Farewell, TRL
After 10 years and more than 2,200 shows, MTV’s Total Request Live blinked off the air in November 2008 with one last star-studded episode. Ratings for the music-video countdown show, which debuted in September 1998 as a vehicle for multiplatinum pop acts like Britney Spears, the Backstreet Boys and ‘N Sync, had been on the wane for years. Still, the nostalgia was undeniable. “Remember this feeling?” TRL’s original host, Carson Daly, asked former ‘N Sync stars Justin Timberlake and J.C. Chasez as they looked out at thousands of shrieking TRL fans craning their necks to catch a last glimpse of stars in the show’s glass-walled studios in New York City’s Times Square. “We’re old now. This is the last time we’re going to do this.”
Snooki Gets Punched
Jersey Shore stirred up controversy before the first episode hit the airwaves.
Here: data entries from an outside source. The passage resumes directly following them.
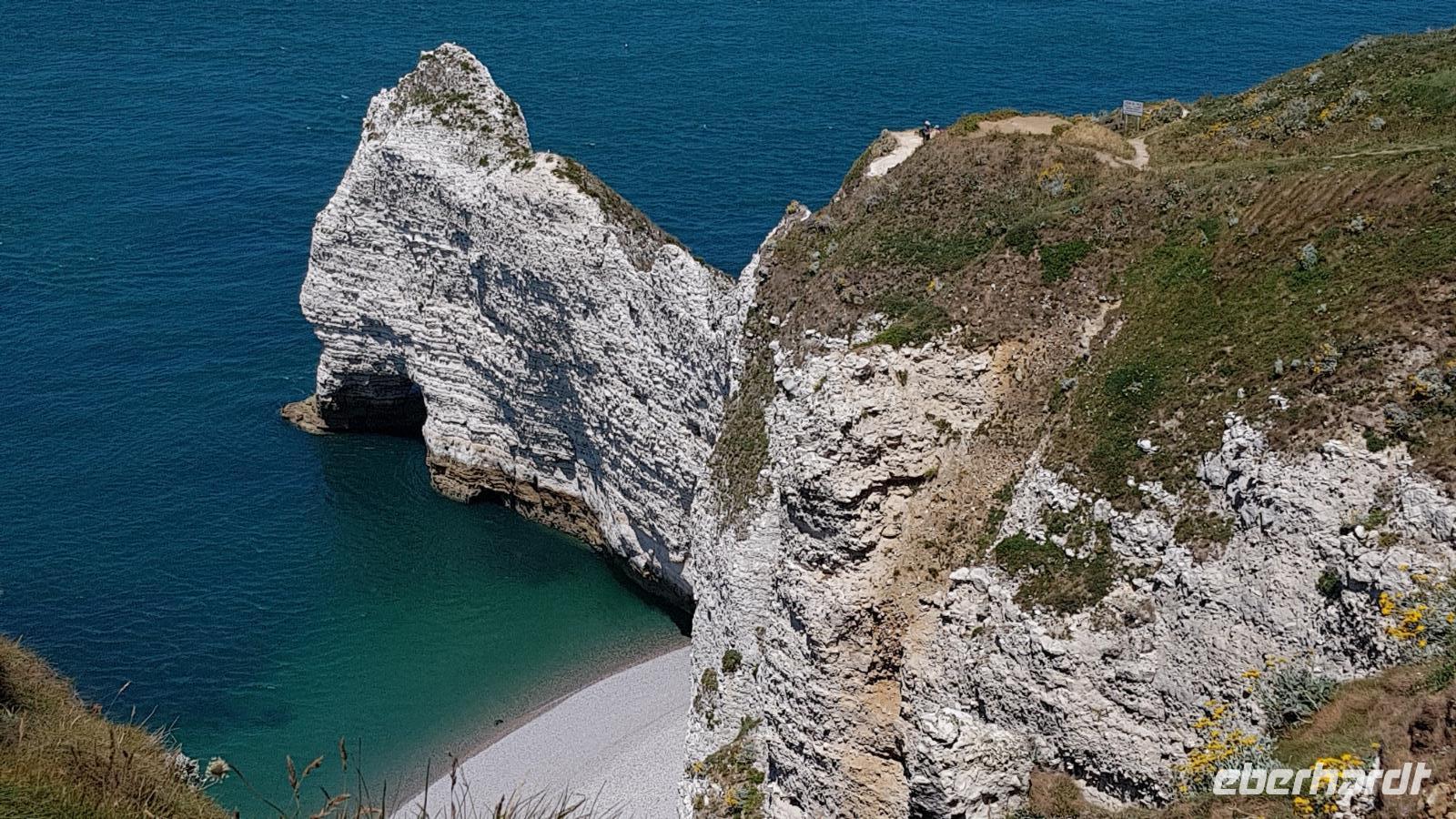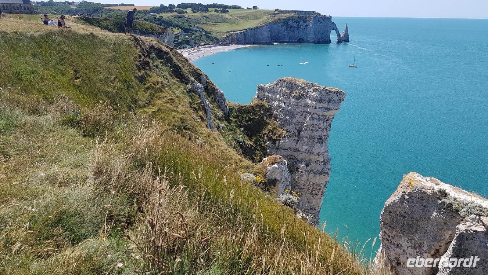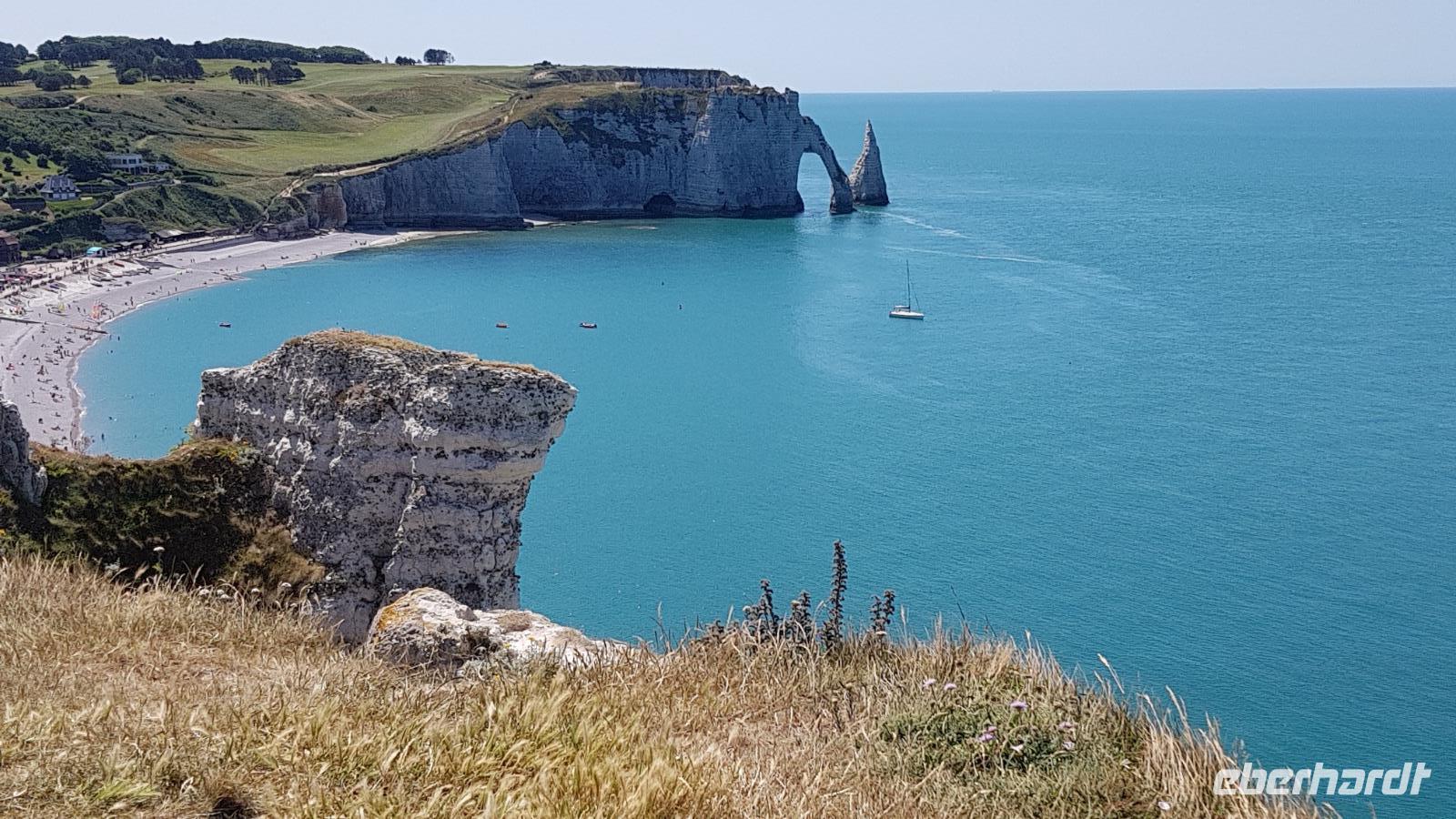 Ohne viel Zeit zu verlieren ging es gleich danach an die Côte d'Abatre, dem nach seine weißen Kreidefelsen benannten Küstenabschnitt der Oberen Normandie, nach Étretat. Hier erwartete uns unter strahlend blauem Himmel eine faszinierende Küstenlandschaft. Auf der Strandpromenade erhob sich links die helle Felswand der "Falaise d'Aval" und rechts die der "Falaise d'Amont". Bei diesem Licht war das Erlebnis dieser Küste einzigartig.
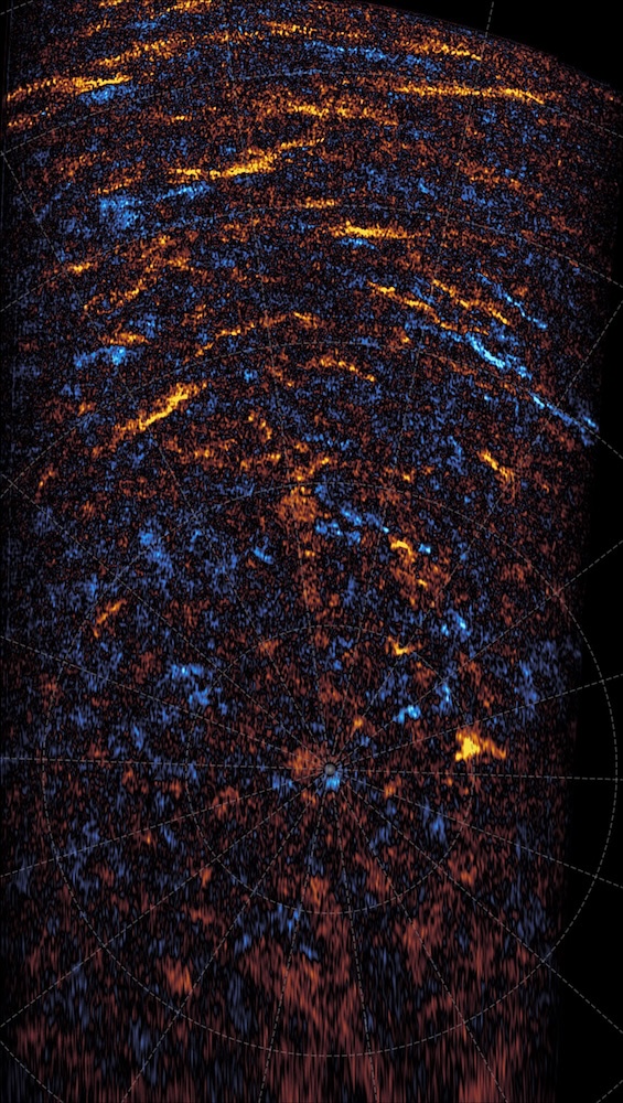 Los mapas obtenidos con el FDT muestran claramente cómo la órbita de la nave permite tener un mejor punto de observación de las estructuras magnéticas del Sol en las regiones polares. Si nos fijamos en la imagen central, se observa claramente cómo las regiones activas (con sus polaridades opuestas en rojo y azul) se concentran en dos bandas situadas por encima y por debajo del ecuador solar.
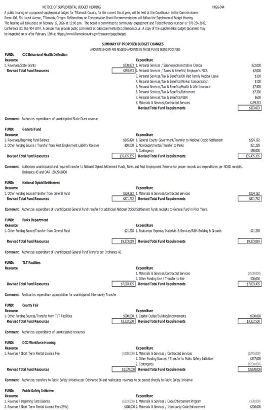 HH26-046 NOTICE OF LIQUOR LICENSE APPLICATIONS. Pursuant to Tillamook County Ordinance #23, the following businesses are undergoing the annual review of their liquor license: Nestucca Valley Sporting Goods. Written comments will be accepted by the Liquor License Review Administrator until 5:00 p.m. on Tuesday, February 17, 2026. All comments must be signed and must specify the business for which the comments are to be made. These comments will be considered in conjunction with the review of the application for a local recommendation to the OLCC. Please direct all comments to Tillamook Environmental Health, 2111 8th Street, Tillamook, Oregon 97141.
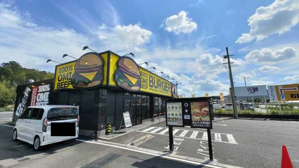 遠目からでも分かるような近江牛100%ハンバーガーの文字とハンバーガーのイラスト。 そのおかげで迷うことはありません。ドライブスルーも利用できるようです。 店内には観葉植物に囲まれたおしゃれな空間が広がっています。 メニュー表も大きいため内容がとても分かりやすいです。
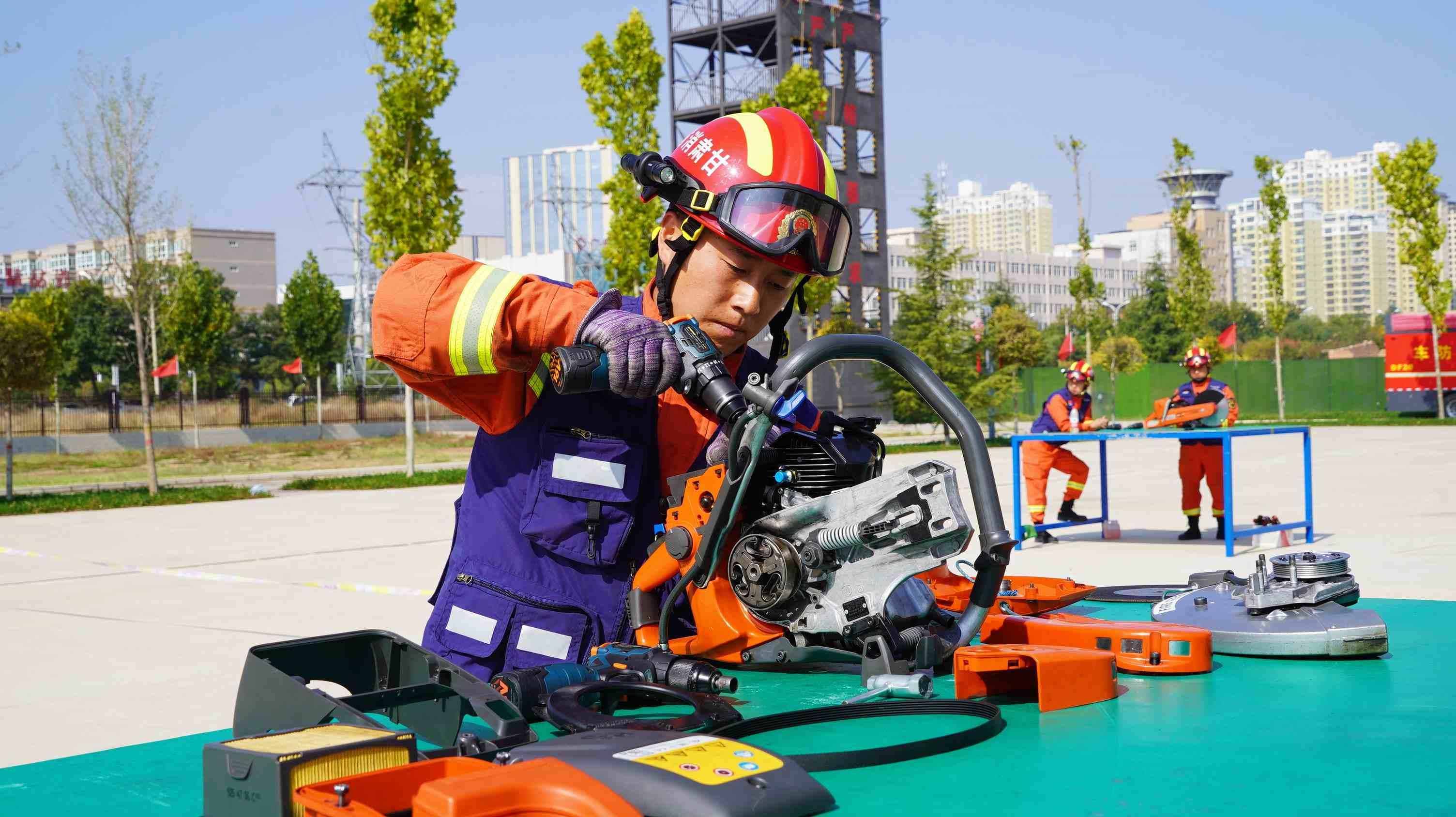 甘肅省消防救援隊(duì)伍“保障先鋒·2024”跨區(qū)域戰(zhàn)勤保障拉動(dòng)演練中,慶陽市消防救援支隊(duì)裝備技師綜合技能操現(xiàn)場。
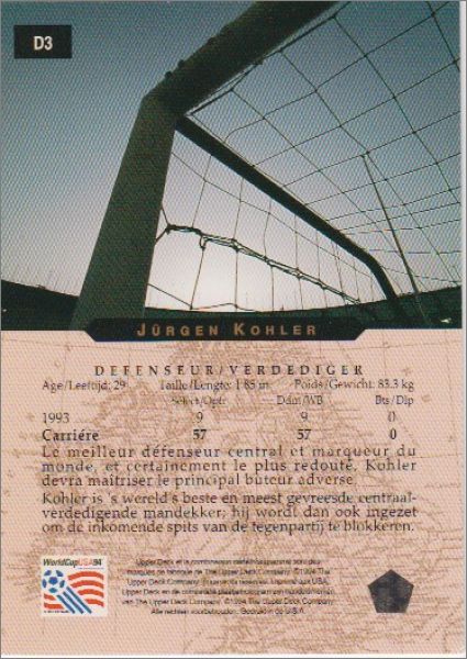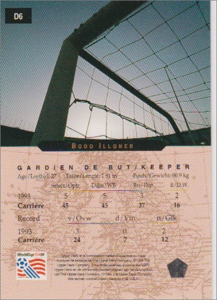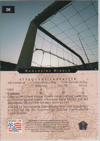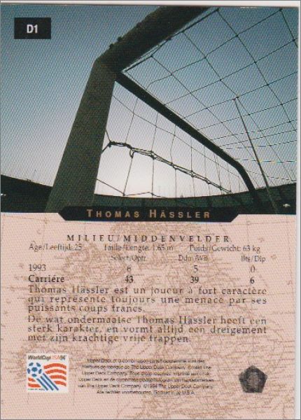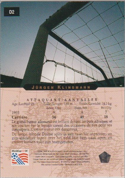 Les cards sont les mêmes que World Cup USA 94 Upper Deck mais ont une une numération différente et ont le logo McDonalds au dos.
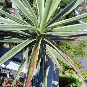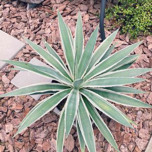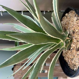 アガベ アングスティフォリア マルギナータ なっがい名前‼️ 和名だと、『白閃光』あら✨良い感じのお名前じゃん🎵 しかし、あまり大きくならないで欲しいのよね😥 屋根付き棚に入らなくなっちゃってたよ😓
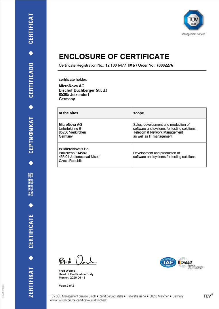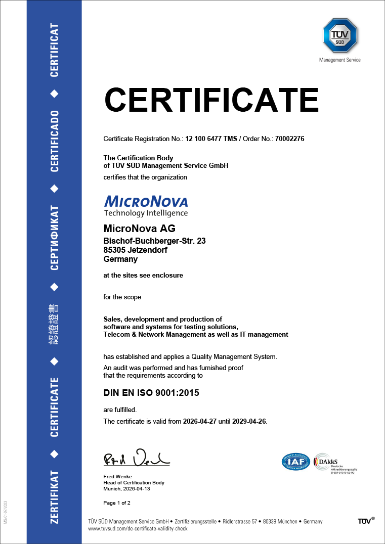 MicroNova AG, ks.MicroNova GmbH and cz.MicroNova s.r.o. are audited annually by the appropriate TÜV auditors. They regularly certify us with the ISO 9001 certificate that we are a competent, reliable and fair partner - with TÜV-approved quality management.
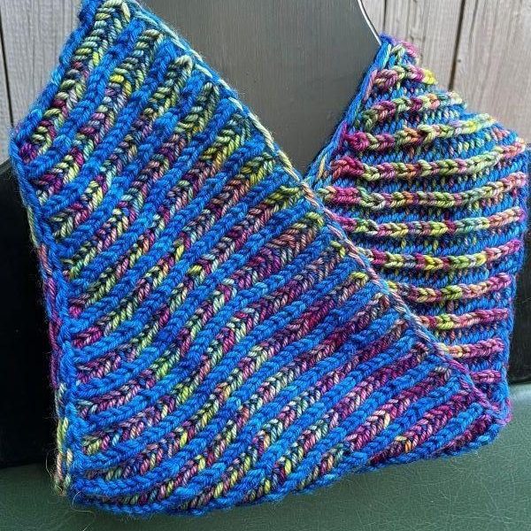 Brioche (lost stitch) Rib in two colors makes a stunning, vertical stripe, reversible cowl that is stretchy and quick. This bandana style cowl (can also be used as a headband) will teach you how to do these vertical stripes in the round and flat. We will only use one color per row so even novice knitters need not fret . The pattern and 100g of wool yarn will be included.
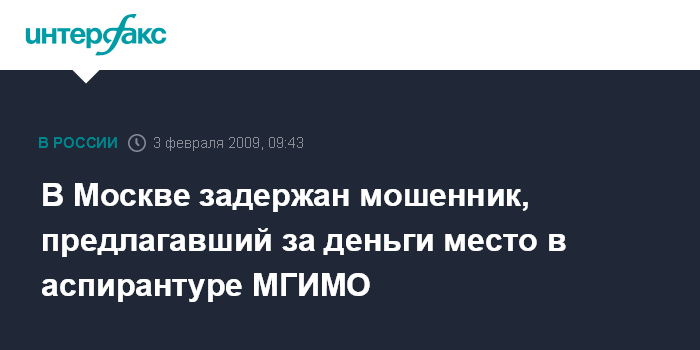 "Кандидат в аспиранты под контролем сотрудников милиции вступил в переговоры с продававшим место в аспирантуре, в ходе переговоров сумму взятки удалось снизить до 40 тыс. евро. Во время передачи денег в одном из ресторанов рядом со зданием МИД РФ "продавец" был задержан. Им оказался москвич Роман Популиди. Как выяснилось, он не был аспирантом МГИМО и никакого отношения к институту не имел", - сказал собеседник агентства. В отношении задержанного было возбуждено уголовного дело по ч 3. ст. 159 УК РФ ("мошенничество в крупных размерах").
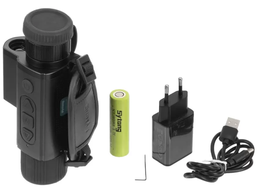 Передняя линза объектива у Sytong XS06-35LRF изготовлена из Германия (32 Ge). Обработка с нулевым допуском избавила от любого рода оптических искажений. Базовая кратность x1.7, для приближения изображения доступен плавный и дискретный зум (Digital zoom) х1, х2, х4 и х8. Большой угол обзора хорошо подходит для поисков на открытом пространстве и в стесненных условиях.
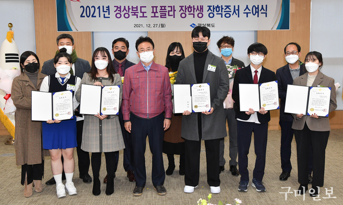 경상북도는 12월 27일(월) 도청에서 도내 임업인의 자녀와 산림분야 학생을 대상으로 포플라 장학생 23명을 선발, 장학증서 수여식을 갖고 장학금 100만원을 각각 지급했다고 밝혔다.
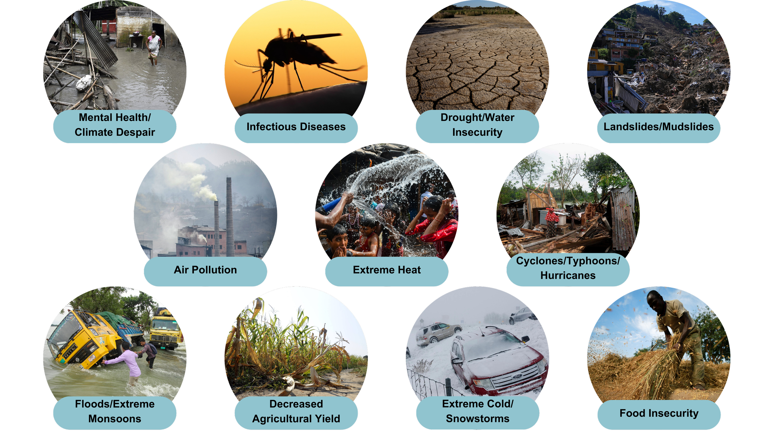 We recognize that climate change is inextricably tied to the health of human societies, and work to bring this connection to the forefront. We tackle 11 of the most prominent health threats posed by climate change, many of which are often overlooked in discussions of climate adaptation.

The reality show, starring eight self-professed “guidos” and “guidettes” living in a house in Seaside Heights, N.J., led Italian-American activist groups to complain the show portrayed negative stereotypes.
But the show really entered the mainstream when promotions showed castmate Nicole “Snooki” Polizzi getting punched in the face at a bar during the show’s fourth episode. The clip instantly went viral, and Snooki was suddenly a star. MTV, under pressure from domestic violence groups, decided to cut the punch from its December 17, 2009 broadcast, but the damage was done. Ratings skyrocketed, and the show became the must-watch train wreck of the new year. Ultimately Snooki and the gang — who will be back for a second season of Jersey Shore, but in a different locale —represent the new era of MTV. The network quietly dropped “Music Television” from its logo in February, and except for the annual Video Music Awards, airs few music videos. Instead, it’s become a stable for reality stars like Tila Tequila and Jersey Shore‘s “The Situation” whose antics are our new guilty pleasures.